You undoubtedly have heard of Ethan Allen, Benedict Arnold, and George Washington.  Perhaps you have even heard of Seth Warner and John Stark.  But I would bet you have never heard of Cotton Mather Dewey, Theophilus Bates, Pebonkas Kisos, Michael McGinness, Elizabeth Ross, Huntington Hungerford, Ann Story, Jacob Hintersass, and all those the politician John Adams catalogued as “Tories, Landjobbers, Trimmers, Bigots, Canadians, Indians, Negroes, Hanoverians, Hessians, Russians, Irish Roman Catholicks, [and] Scotch Renegadoes. . . .”  Well, now you will.  I knew them all.

My mother, brothers, sisters, and uncle have been as much a part of my adventures as all those folks, so you’ll find them here, too, especially my older twin sisters, Tryphena and Tryphosa.  Frankly, some days I would rather not talk about those two, given the ways they have embarrassed me all the days of my life, but I suppose I owe them their due.

Ethan Allen himself charged me to write the history of the Green Mountain Boys, so I am fulfilling my obligation to him.  If you are a schoolmaster searching for some theme so you can force your young scholars to memorize that theme and avoid seeing the real story, then this book is not for you.  If you are one of those historians who mines remembrances of old soldiers so you can add a footnote to your already too tedious compendium of facts to prove your portentous theory, then you probably should go elsewhere for your primary sources.  If you are a dreamer who wants to remember our American Revolution as a mass movement of patriots, all sacrificing for our common vision of a democracy, then you definitely should go find some other cloud to sit on.

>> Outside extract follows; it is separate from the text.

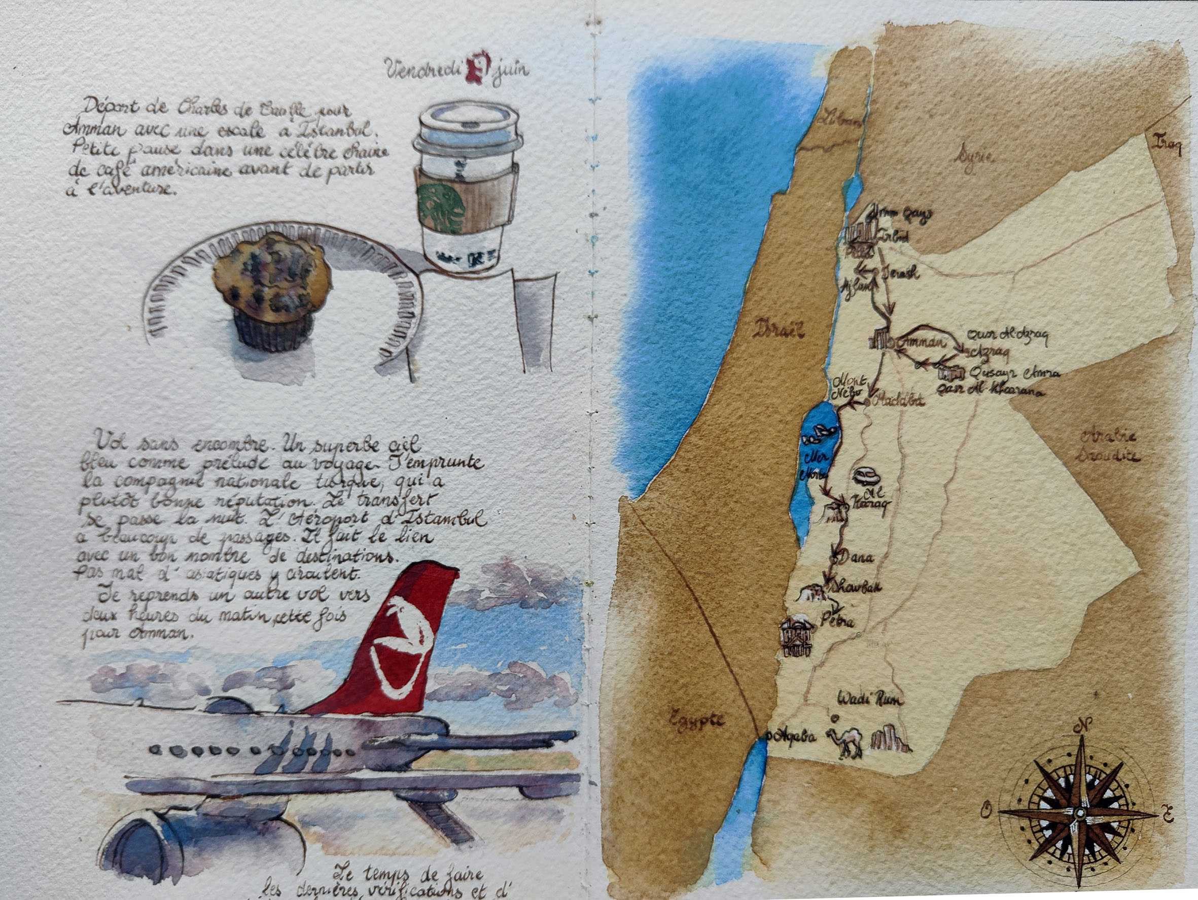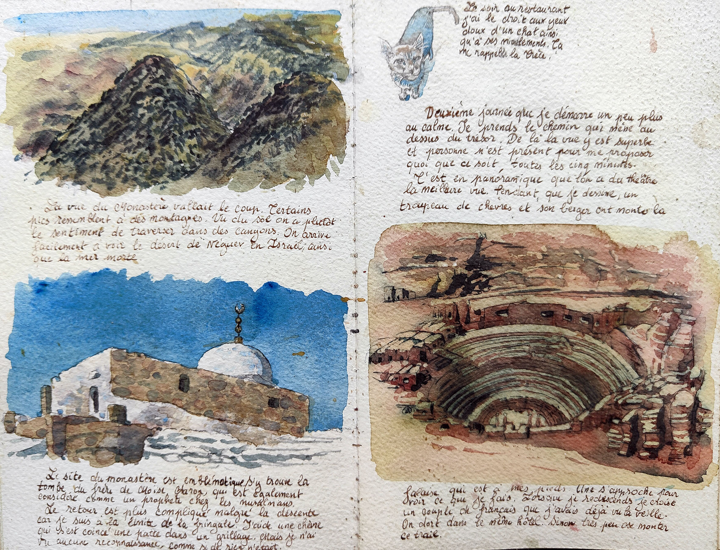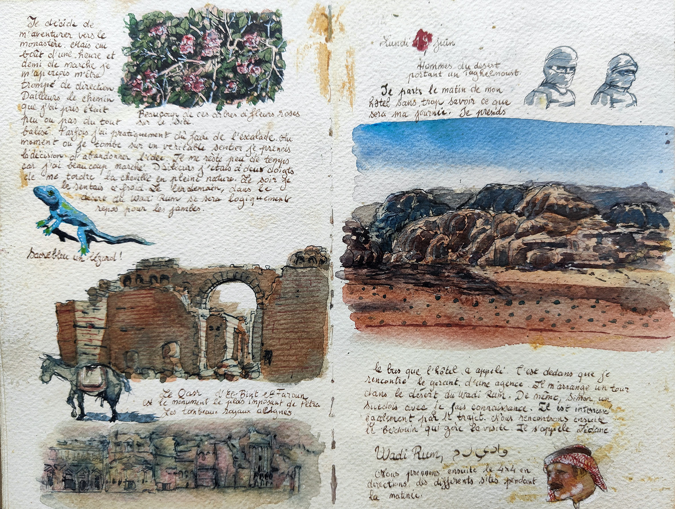 Watercolour paintings and travel diaries

I did walk among true patriots—true heroes.  You will know them when you meet them here.  You will also recognize those who claimed to be patriots, but whose words were braver than their actions, and those whose prejudice against others motivated them more than patriotism.  We could fill New York City with all who now claim to have been with Ethan Allen and Benedict Arnold when they took Fort Ticonderoga.

My story begins in 1774 and ends—for the most part and for all the reasons I confess to—in 1777, long before our Revolution ended.  Please forgive me for what I reveal here, for I have been, as so many I have known, too, too human.

If you think my story pure unadulterated hogwash, you probably only have the quaint tales of school history books to judge it by.  So I end by quoting Ethan Allen, without whose inspiration and exuberance I would never have joined the Green Mountain Boys from Pownal.  “The critic will be pleased to excuse any inaccuracies in the performance itself, as the author has unfortunately missed a liberal education.”